Saudi Press

Saudi Arabia and the world
Friday, Aug 22, 2025

Hong Kong Airlines crisis shows city must reform aviation policy says Qantas boss, as experts express doubt over future investment in struggling carrier

Australian airline’s CEO Alan Joyce says his company will not revisit putting money into Hong Kong carrier
The near collapse of Hong Kong Airlines highlights the need to reform the city’s aviation policy, a top airline chief has said.

In the wake of the carrier’s last-minute bailout by its Chinese owners, Alan Joyce, the Qantas CEO, said reforms were needed to create a “level playing field” in Hong Kong, where Cathay Pacific is seen as having an unfair advantage.

Qantas had its fingers burnt by the city’s Air Licensing Transport Authority in 2015 when its budget airline, Jetstar Hong Kong, was denied a licence by the authority, which also determined the fate of Hong Kong Airlines, the only local competitor to Cathay.

Joyce said the airline would “not revisit the possibility of investing in a Hong Kong carrier”, and called for licensing rules to be revamped to ensure healthy competition.

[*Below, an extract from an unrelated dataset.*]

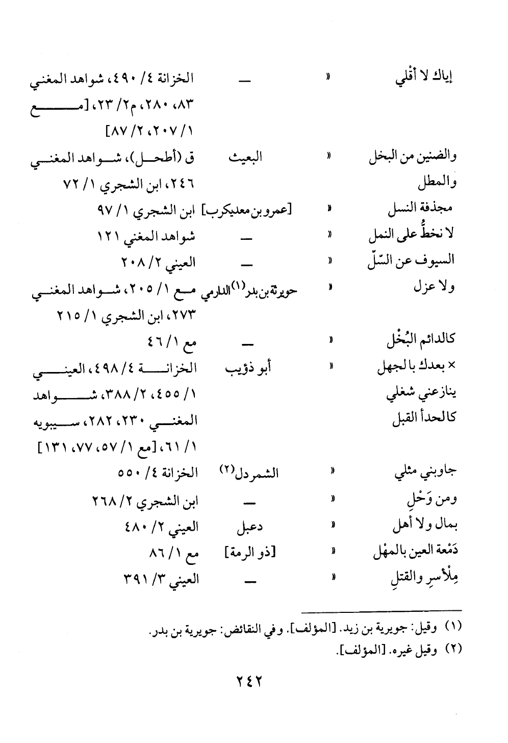 إياك لا أقْلي « ــ الخزانة ٤/ ٤٩٠، شواهد المغني ٨٣، ٢٨٠، م ٢/ ٢٣، [مع ١/ ٢٠٧، ٢/ ٨٧]والضنين من البخل والمطل « البعيث ق (أطحل)، شواهد المغني ٢٤٦، ابن الشجري ١/ ٧٢ مجذفة النسل « [عمرو بن معديكرب] ابن الشجري ١/ ٩٧لا نخطُّ على النمل « ــ شواهد المغني ١٢١السيوف عن السّلّ « ــ العيني ٢/ ٢٠٨ولا عزل « حويرثة بن بدر (¬١) الدارمي مع ١/ ٢٠٥، شواهد المغني ٢٧٣، ابن الشجري ١/ ٢١٥كالدائم البُخْل « ــ مع ١/ ٤٦× بعدك بالجهل ينازعني شغلي كالحدأ القبل « أبو ذؤيب الخزانة ٤/ ٤٩٨، العيني ١/ ٤٥٥، ٢/ ٣٨٨، شواهد المغني ٢٣٠، ٢٨٢، سيبويه ١/ ٦١، [مع ١/ ٥٧، ٧٧، ١٣١] جاوبني مثلي « الشمردل (¬٢) الخزانة ٤/ ٥٥٠ومن وَحْلِ « ــ ابن الشجري ٢/ ٢٦٨بمال ولا أهل « دعبل العيني ٢/ ٤٨٠دَمْعة العين بالمهْل « [ذو الرمة] مع ١/ ٨٦مِلْأسرِ والقتلِ « ــ العيني ٣/ ٣٩١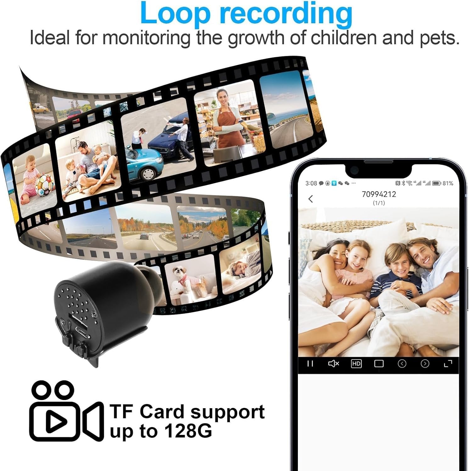 ✔ï¸ã€Never Stop Recording】— QH5 camera also supports loop recording without the problem of memory hogging. When the memory card is full, the latest files will overwrite the oldest ones. You will never miss the important things you want to know. You can use it to record the growth of your pets and children.

“We qualified for being a Hong Kong-based airline, more than Cathay did,” he said. “That was not allowed to happen at the time which was wrong. There should be a level playing field. The rules should be the rules, and people should have been allowed to do it.”

Since the Jetstar ruling, the Australian airline has doubled down on its Singapore base, where it is now the second largest airline at Changi Airport, behind the city’s flag carrier, and is ideally placed to capture the huge growth in air travel forecast in the region in the next 20 years.

Given the decision in 2015, experts doubt whether foreign airlines would have wanted to invest in HKA, given the hurdles they must overcome, one of which is how a company qualifies to be a local airline.

Four years ago, the ALTA said the budget carrier did not qualify, as its key business decisions were not made in Hong Kong, but Australia, where Jetstar is headquartered.

Jae-Woon Lee, an assistant professor of law at Chinese University, said the repercussions from that decision were still being felt, and would continue to be a significant consideration for any future potential investors.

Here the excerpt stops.